Nearly two years ago, Hubby, Kittie and I left New York. We had eight years of possessions to sift through, and since I'd taken a week off in between jobs, I was in charge of packing up the bulk of it. (Do you recall any of this, Dear Reader? How my boss had generously gifted me with about 50 large packing boxes and 2,000 square feet of bubble wrap?)
There I was in the August heat, just Kittie and me, and all that BUBBLE WRAP. I won't lie. I went sort of mad.
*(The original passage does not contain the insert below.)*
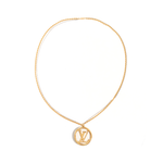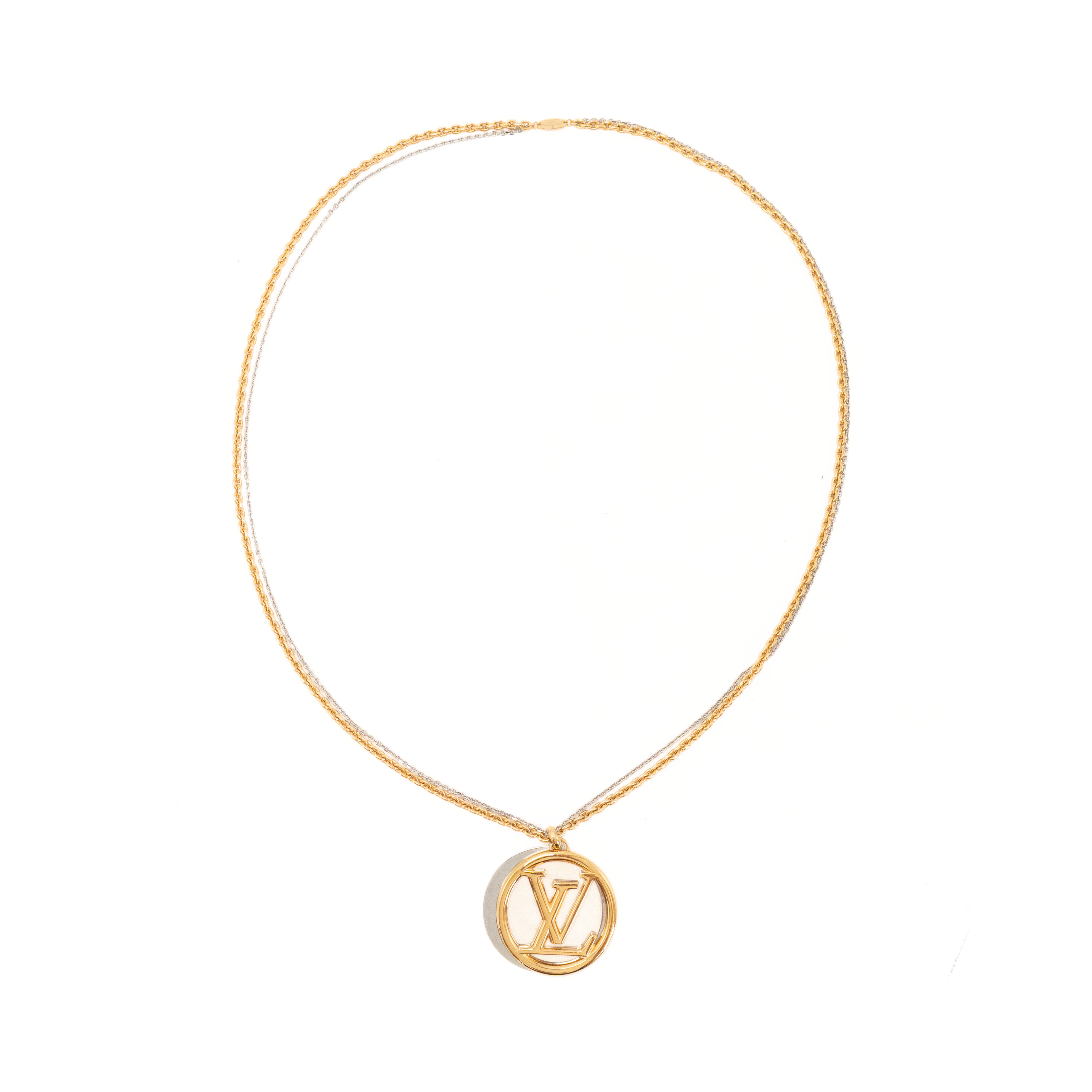 Louis Vuitton 'Stellar' necklace in gold finished 'LV' circle pendant suspended from a double chain with a silver backing and second chain.

The boxes were quite roomy but I'd wrapped everything so carefully that each box probably contained about 75% bubble wrapping. (Of course, at the time I knew not what I was doing; hindsight is 50/50, is it not?) Hubby had no idea what was going into those boxes, he only knew they were accumulating at a rapid pace.
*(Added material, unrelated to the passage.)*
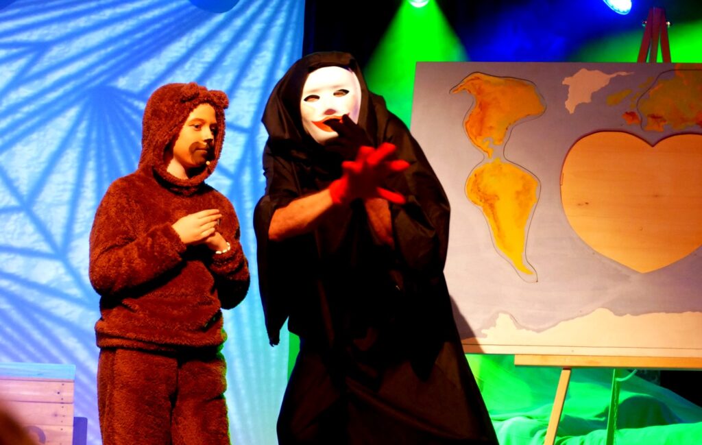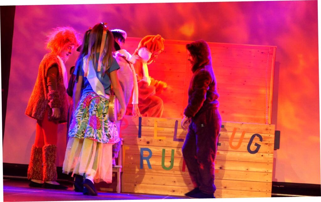 Der tiefschwarz gekleidete „Hass“ (Hans Ehinger) verbreitete auf beängstigende Art nochmals Schrecken. Doch die Truhe-Bewohner ließen sich nicht beirren: „Wir brauchen keine miesen Tricks, um unsere Truhe wieder zu öffnen“, bekundeten diese, und ergatterten in Afrika bei den Massai das letzte Puzzleteil. So nahm die lange Reise ein gutes Ende mit der Entdeckung, dass immer, wenn Zusammenhalt und Respekt voreinander in den Herzen ist, echte Freundschaft entstehen kann.

In the end, our 17 foot U-Haul was so crammed that Hubby and I were forced to leave many of our possessions out on the sidewalk, in the hopes that some vagabond would walk by and discover them. I'm not exaggerating; we could barely even close the door to the moving van. Among the items that wouldn't fit in our U-Haul: Hubby's desk, a desk chair, a wine rack, two air conditioners, a cast iron skillet, a portable gas grill, an air purifier,a full length mirror, a fondue set...the list goes on and on. Total hot messery.
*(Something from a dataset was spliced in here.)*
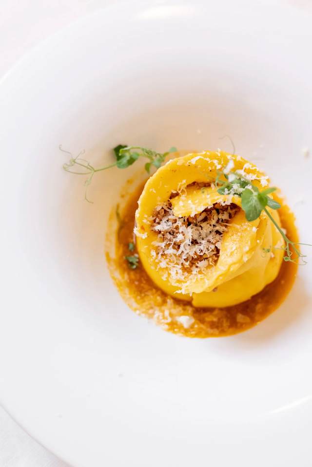 - Ravioli ripieni di parmigiano liquido e tartufo nero
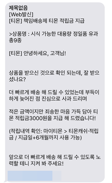 배송지연 보상 상품인지 아닌지 한번 보고 물어보세요~ |

I was under the impression that we just had a lot of stuff. Until we began unpacking it.
"Sarah!" my mother exclaimed. "There are like eight plates packed in this huge box!"
She was right. I'd maniacally wrapped nearly everything we owned. I ask you...what else was I supposed to do when left alone with 2,000 square feet of bubble wrap? There must have been 15 boxes for our dinnerware alone. At the time I'd just assumed we had a lot of plates, bowls and mugs. Things really came to a boiling point when my godmother discovered I'd bubble wrapped my silverware.
"Well!?" I defended my stance, "We had a ton of bubble wrap! Why not use it?"
Hubby maintains that if I hadn't gotten so crazy, we would have had a lot more room in that U-Haul. At any rate, I am loathe to make the same mistake twice.
Let the packing commence!
On Saturday I decided to take all of our pictures and tchotchkes off the walls. This was an obvious choice, no? I began to individually wrap each small picture frame. Then, for a split second, I faltered. It was 7:45 am, and Hubby was still sleeping. I tiptoed into the bedroom.
"Hey, you awake?"
"Hmmm?"
"I was thinking of wrapping each picture frame separately, so they don't break?"
"Those frames were like $2 at CVS, you don't have to wrap them. Just put them in a box."
He was right, I didn't have to wrap them. They probably wouldn't break, after all, the frames themselves were plastic. And yet...
"But if the glass shatters, that would be a huge mess...it would be awful...all that glass everywhere..."
"Don't individually wrap them, babe."
In the end, I compromised. I piled up a large stack of them and wrapped a sheet of bubble wrap around the entire thing. A small step in the right direction, I like to think.
When Hubby awoke there was nothing on our walls. No Wacko Jacko doll sitting on our shelf, no sign next to the toilet that reads "The Loo," no magnets on the refrigerator...things were looking pretty bare.
My husband tentatively suggested that since we're still going to be living here for three weeks, perhaps it was an odd choice to remove all of the decorations first, but...
I decided then and there: Hubby will oversee the packing this time around. There will be no large boxes containing only two mugs and a salad spinner. There will be no boxes with 75 percent of the contents being bubble wrap. No, the boxes will be adequately, sensibly filled. By someone other than myself. Case closed.